BAAI introduces BGE M3-Embedding with the assistance of researchers from the University of Science and Technology of China. The M3 refers to a few novel properties of text embedding- Multi-Lingual, Multi-Functionality, and Multi-Granularity. It identifies the first challenges in the prevailing embedding models, like being unable to support multiple languages, restrictions in retrieval functionalities, and difficulty handling varied input granularities.
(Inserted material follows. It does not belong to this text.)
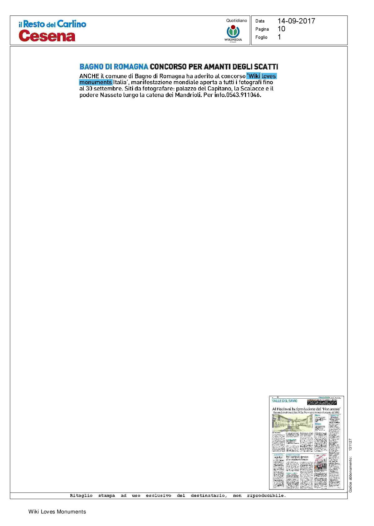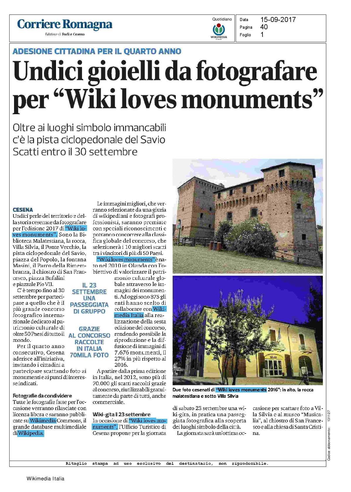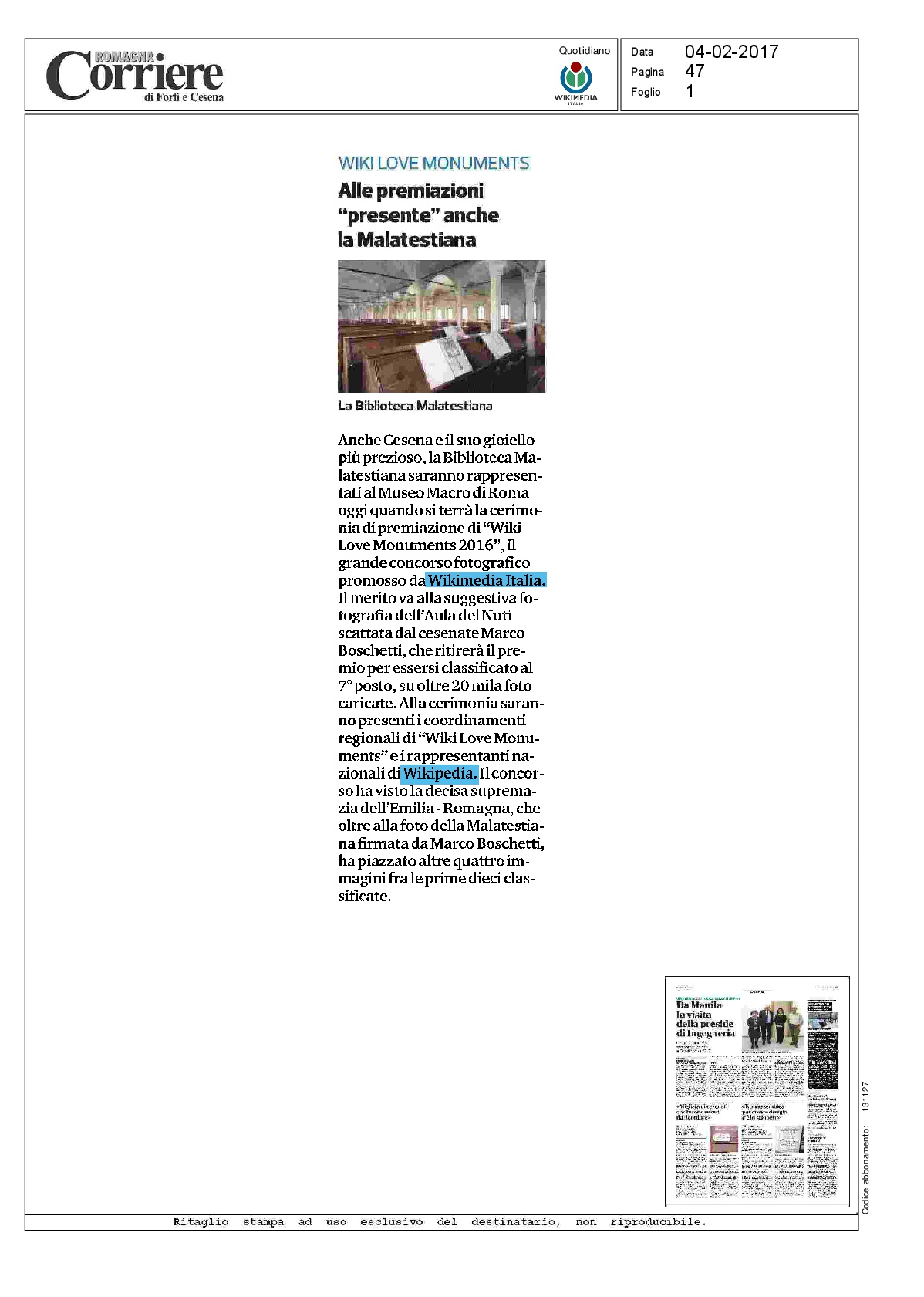 - Wiki Loves Monuments: alle premiazioni presente anche la Malatestiana, Corriere di Romagna - Forlì e Cesena

Existing embedding models, equivalent to Contriever, GTR, E5, and others, have been proven to bring notable progress in the sphere, but they lack language support, multiple retrieval functionality, or long input texts. These models are mainly trained just for English and support just one retrieval functionality. The proposed solution, BGE M3-Embedding, supports over 100 languages, accommodates diverse retrieval functionalities (dense, sparse, and multi-vector retrieval), and processes input data starting from short sentences to lengthy document handling as much as 8192 tokens.
M3-Embedding involves a novel self-knowledge distillation approach, optimizing batching strategies for big input lengths, for which researchers used large-scale, diverse multi-lingual datasets from various sources like Wikipedia and S2ORC. It facilitates three common retrieval functionalities: dense retrieval, lexical retrieval, and multi-vector retrieval. The distillation process involves combining relevance scores from various retrieval functionalities to create a teacher signal that allows the model to perform multiple retrieval tasks efficiently.
The model is evaluated for its performance with multilingual text(MLDR), varied sequence length, and narrative QA responses. The evaluation metric was nDCG@10(normalized discounted cumulative gain). The experiments demonstrated that the M3 embedding model outperformed existing models in greater than 10 languages, giving at-par ends in English. The model performance was much like the opposite models with smaller input lengths but showcased improved results with longer texts.
In conclusion, M3 embedding is a big advancement in text embedding models. It’s a flexible solution that supports multiple languages, varied retrieval functionalities, and different input granularities. The proposed model addresses crucial limitations in existing methods, marking a considerable step forward in information retrieval. It outperforms baseline methods like BM25, mDPR, and E5, showcasing its effectiveness in addressing the identified challenges.
Take a look at the Paper and Github. All credit for this research goes to the researchers of this project. Also, don’t forget to follow us on Twitter and Google News. Join our 36k+ ML SubReddit, 41k+ Facebook Community, Discord Channel, and LinkedIn Group.
In the event you like our work, you’ll love our newsletter..
Don’t Forget to hitch our Telegram Channel
Pragati Jhunjhunwala is a consulting intern at MarktechPost. She is currently pursuing her B.Tech from the Indian Institute of Technology(IIT), Kharagpur. She is a tech enthusiast and has a keen interest within the scope of software and data science applications. She is all the time reading concerning the developments in several field of AI and ML.